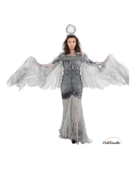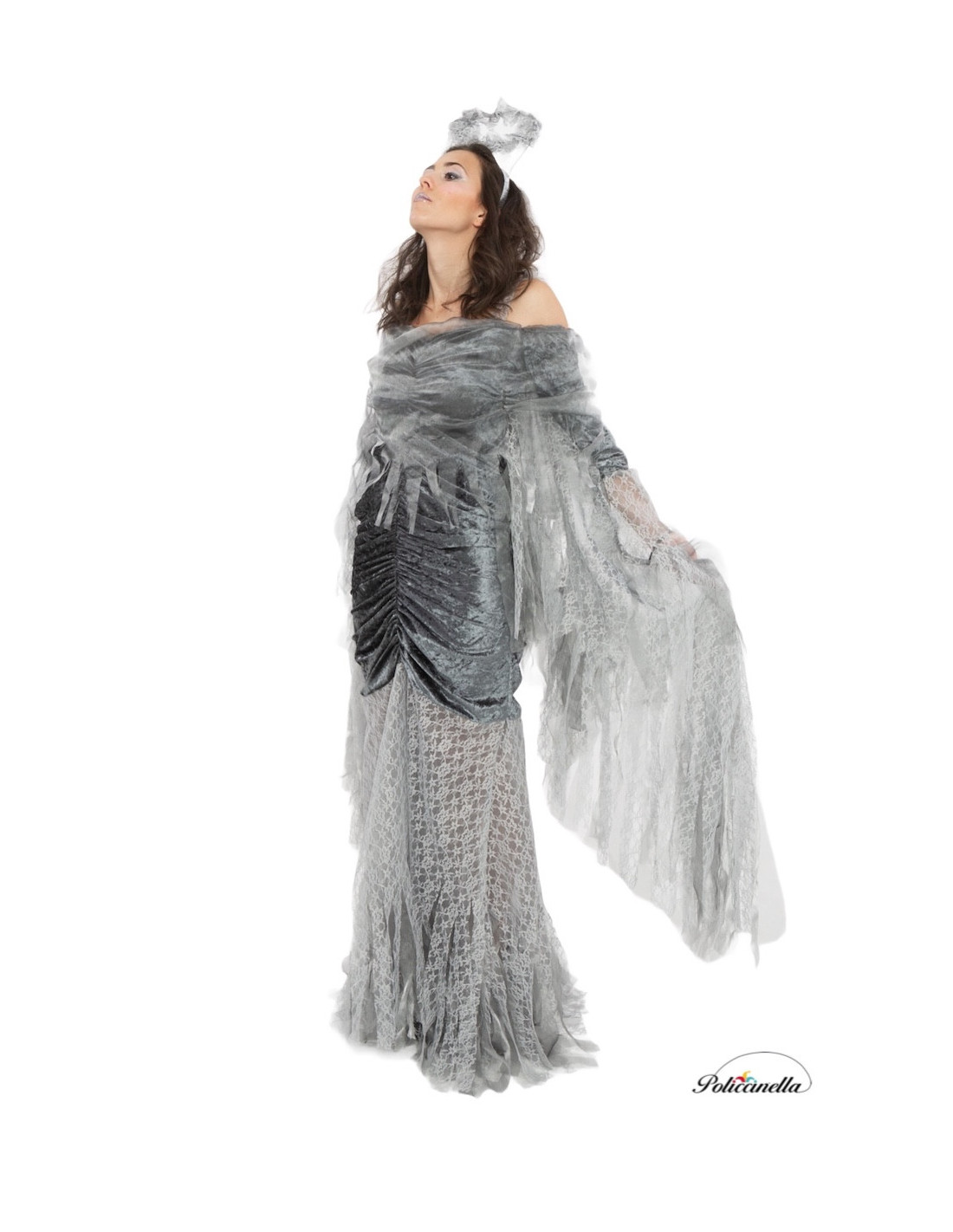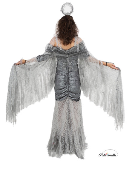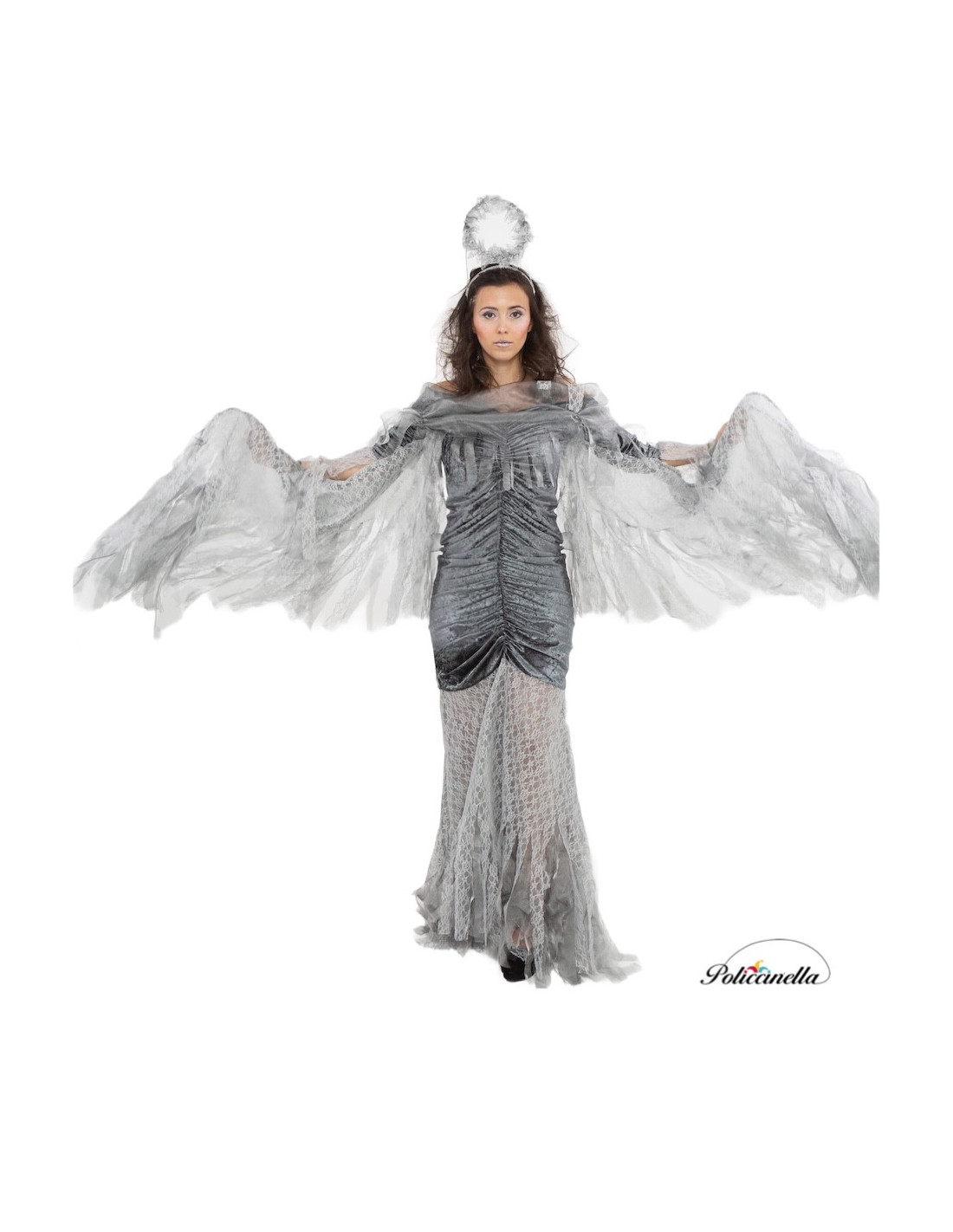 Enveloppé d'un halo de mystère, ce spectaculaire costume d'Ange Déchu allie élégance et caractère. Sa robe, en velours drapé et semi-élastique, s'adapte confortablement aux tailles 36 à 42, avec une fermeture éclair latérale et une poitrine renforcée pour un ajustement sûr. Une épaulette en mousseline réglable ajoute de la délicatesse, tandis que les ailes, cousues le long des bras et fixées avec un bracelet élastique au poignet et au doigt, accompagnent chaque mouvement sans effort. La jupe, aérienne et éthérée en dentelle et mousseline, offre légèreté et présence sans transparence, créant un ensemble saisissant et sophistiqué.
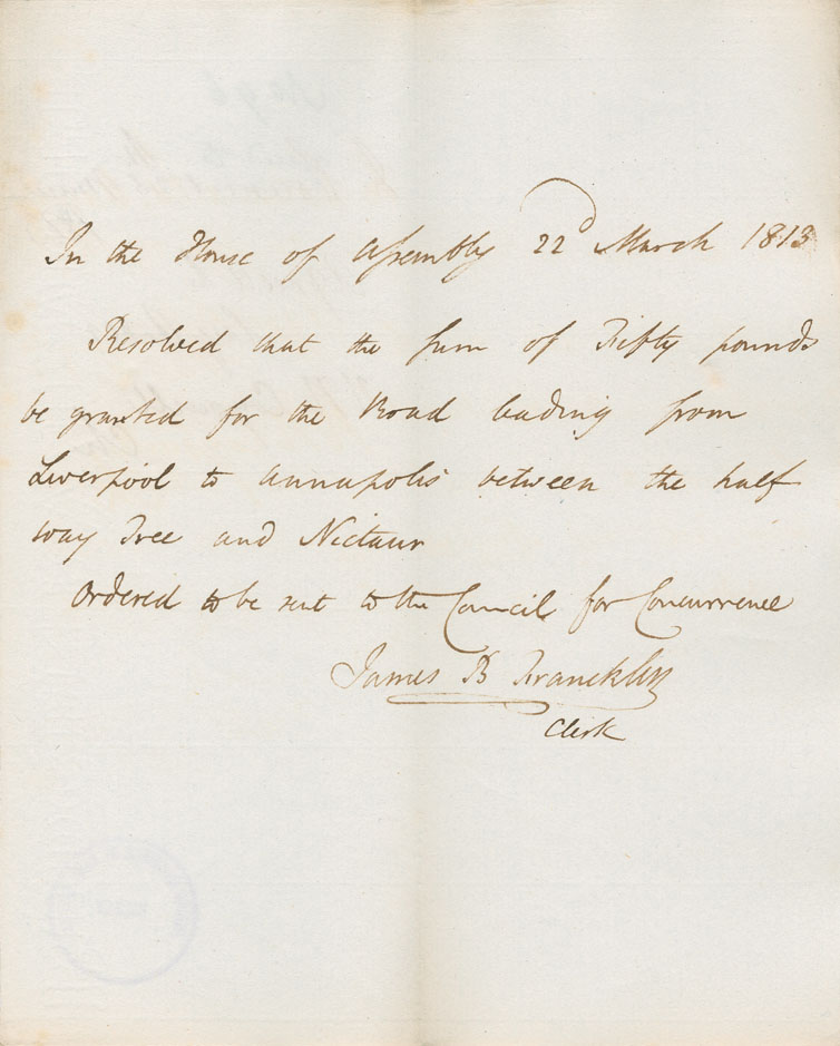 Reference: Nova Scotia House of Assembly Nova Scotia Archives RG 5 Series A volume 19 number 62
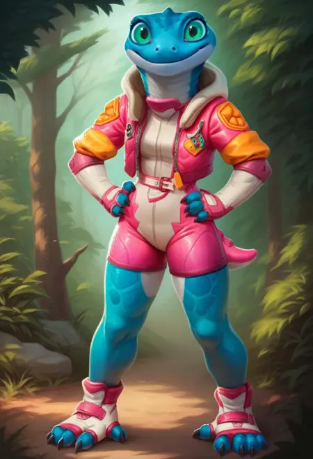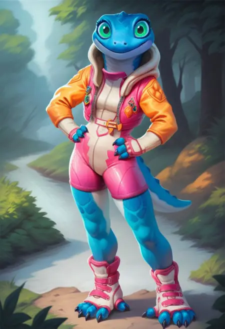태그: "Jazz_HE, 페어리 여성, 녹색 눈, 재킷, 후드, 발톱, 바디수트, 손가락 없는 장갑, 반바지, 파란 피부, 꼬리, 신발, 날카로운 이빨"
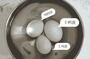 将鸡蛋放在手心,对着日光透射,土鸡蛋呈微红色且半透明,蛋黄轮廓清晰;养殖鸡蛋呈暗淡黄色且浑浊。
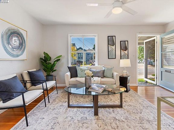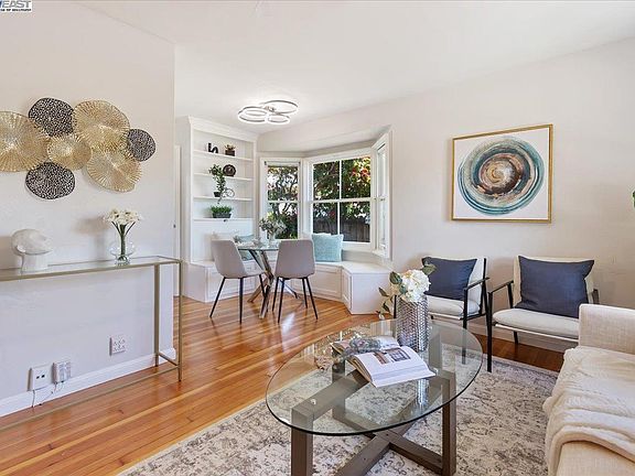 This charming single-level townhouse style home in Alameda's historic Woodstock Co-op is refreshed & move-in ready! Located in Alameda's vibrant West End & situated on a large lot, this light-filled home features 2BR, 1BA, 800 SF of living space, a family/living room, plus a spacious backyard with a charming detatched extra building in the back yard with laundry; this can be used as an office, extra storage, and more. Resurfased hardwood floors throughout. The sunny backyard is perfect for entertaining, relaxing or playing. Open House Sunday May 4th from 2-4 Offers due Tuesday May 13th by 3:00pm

■ ■ ■

» **DIRECTIONS**
Could the entries above be returned verbatim, with no pictures included?

» **RESPONSE FOR THIS EXERCISE**
 Enveloppé d'un halo de mystère, ce spectaculaire costume d'Ange Déchu allie élégance et caractère. Sa robe, en velours drapé et semi-élastique, s'adapte confortablement aux tailles 36 à 42, avec une fermeture éclair latérale et une poitrine renforcée pour un ajustement sûr. Une épaulette en mousseline réglable ajoute de la délicatesse, tandis que les ailes, cousues le long des bras et fixées avec un bracelet élastique au poignet et au doigt, accompagnent chaque mouvement sans effort. La jupe, aérienne et éthérée en dentelle et mousseline, offre légèreté et présence sans transparence, créant un ensemble saisissant et sophistiqué.
 Reference: Nova Scotia House of Assembly Nova Scotia Archives RG 5 Series A volume 19 number 62
태그: "Jazz_HE, 페어리 여성, 녹색 눈, 재킷, 후드, 발톱, 바디수트, 손가락 없는 장갑, 반바지, 파란 피부, 꼬리, 신발, 날카로운 이빨"
 将鸡蛋放在手心,对着日光透射,土鸡蛋呈微红色且半透明,蛋黄轮廓清晰;养殖鸡蛋呈暗淡黄色且浑浊。
 This charming single-level townhouse style home in Alameda's historic Woodstock Co-op is refreshed & move-in ready! Located in Alameda's vibrant West End & situated on a large lot, this light-filled home features 2BR, 1BA, 800 SF of living space, a family/living room, plus a spacious backyard with a charming detatched extra building in the back yard with laundry; this can be used as an office, extra storage, and more. Resurfased hardwood floors throughout. The sunny backyard is perfect for entertaining, relaxing or playing. Open House Sunday May 4th from 2-4 Offers due Tuesday May 13th by 3:00pm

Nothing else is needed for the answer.